Потом я стыдился этих ночных мечтаний, но день заканчивался, наступала ночь - и я мечтал еще жарче и бесстыднее.
Хуже всего стало, когда мне попалась в руки брошюрка - тогда было много таких брошюрок, ужасно изданных на газетной бумаге с миллионом опечаток и написанных корявым языком шарлатанов, вздумавших срубить бабок, - про оральный секс. Каждый вечер я спешил улечься в кровать, запустить себе руку в трусы, прикрыть глаза - и представить себе Мишку, черные нежные кудряшки на белоснежной коже внизу живота... и как я наклоняюсь и целую его там, и как он стонет от восторга. В брошюре было написано, что он обязательно будет стонать от восторга... Я успевал кончить очень быстро - мне и надо-то было всего лишь представить восторженные Мишкины стоны, а если не успевал, то представлял себе, как Мишка наклонится и тоже меня там поцелует...
В школе Димка Озеров на переменках, понизив голос, трепался, что трахался с Райкой. Нам было уже кому шестнадцать, а кому и восемнадцать. Димке, кажется, уже стукнуло восемнадцать, сразу после школы он должен был идти в армию, и считал, что нужно "оттянуться напоследок". Мишка его не одобрял: он считал, что Димке следовало молчать, чтобы не бросать тень на репутацию дамы. А еще больше он не одобрял Вадика Лейзеровича, который трепался, даже не понижая голоса, о том, кто еще трахается в нашем классе. Откуда ему это все может могло быть известно, никто не спрашивал: Вадик был тем еще пронырой и вечно знал то, что ему знать не полагалось.

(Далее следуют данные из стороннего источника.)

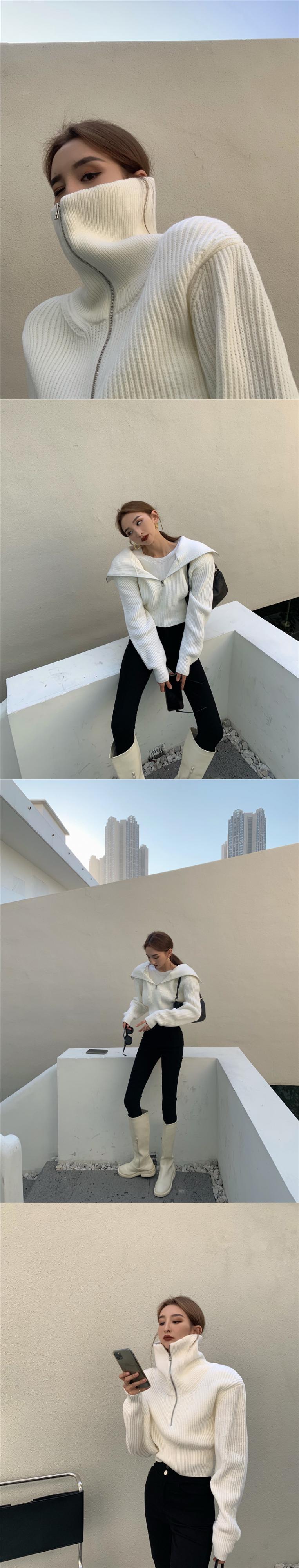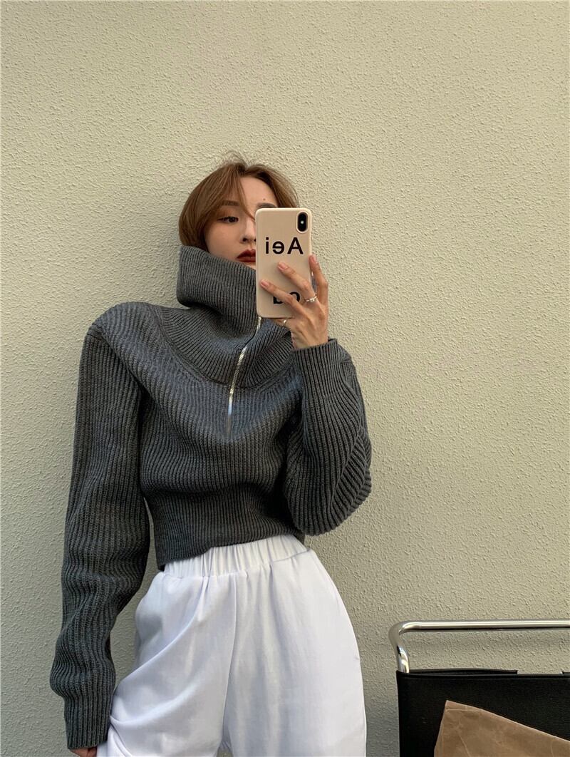 セーター ジッパーショートルーズニットオータムウィンターベージュトップス 秋物 冬物 ブラックストロベリース99443996562

Как-то я увидел, что Мишка уединился за углом с Сережкой Акопяном.
Внутри у меня все перевернулось. Сережка был красив, как бывают красивы белокурые армяне - правильные черты лица, ясные голубые глаза. Со мной, конечно, не сравнить; я сразу показался себе этакой серой мышью, недостойной Мишки... и мне тут же захотелось Сережку если не убить, то хорошенько отлупить. Чтобы не смел быть достойным. К счастью, я успел услышать несколько слов из их разговора, прежде чем действительно врезать Сережке в челюсть!
- Я тебе таки скажу, шо молчание тебя не спасет, - авторитетно вещал Мишка, - поди да скажи ей.
- Не-ет, она нас всех за сволочей держит, и меня тоже, - грустно возразил Сережка.
- Она да, многих держит за сволочей, но за тебя она такого никогда не говорила, - настаивал Мишка. - Ну спроси ее, шо тебе, деньги за это платить? Может, ты ей тоже нравишься!
Я облегченно перевел дух.
Мишке многие поверяли свои тайны любого свойства, в том числе и очень предосудительного: знали, что никому не расскажет. А о том, что Сережка симпатизирует чудаковатой Зине, я и сам догадывался.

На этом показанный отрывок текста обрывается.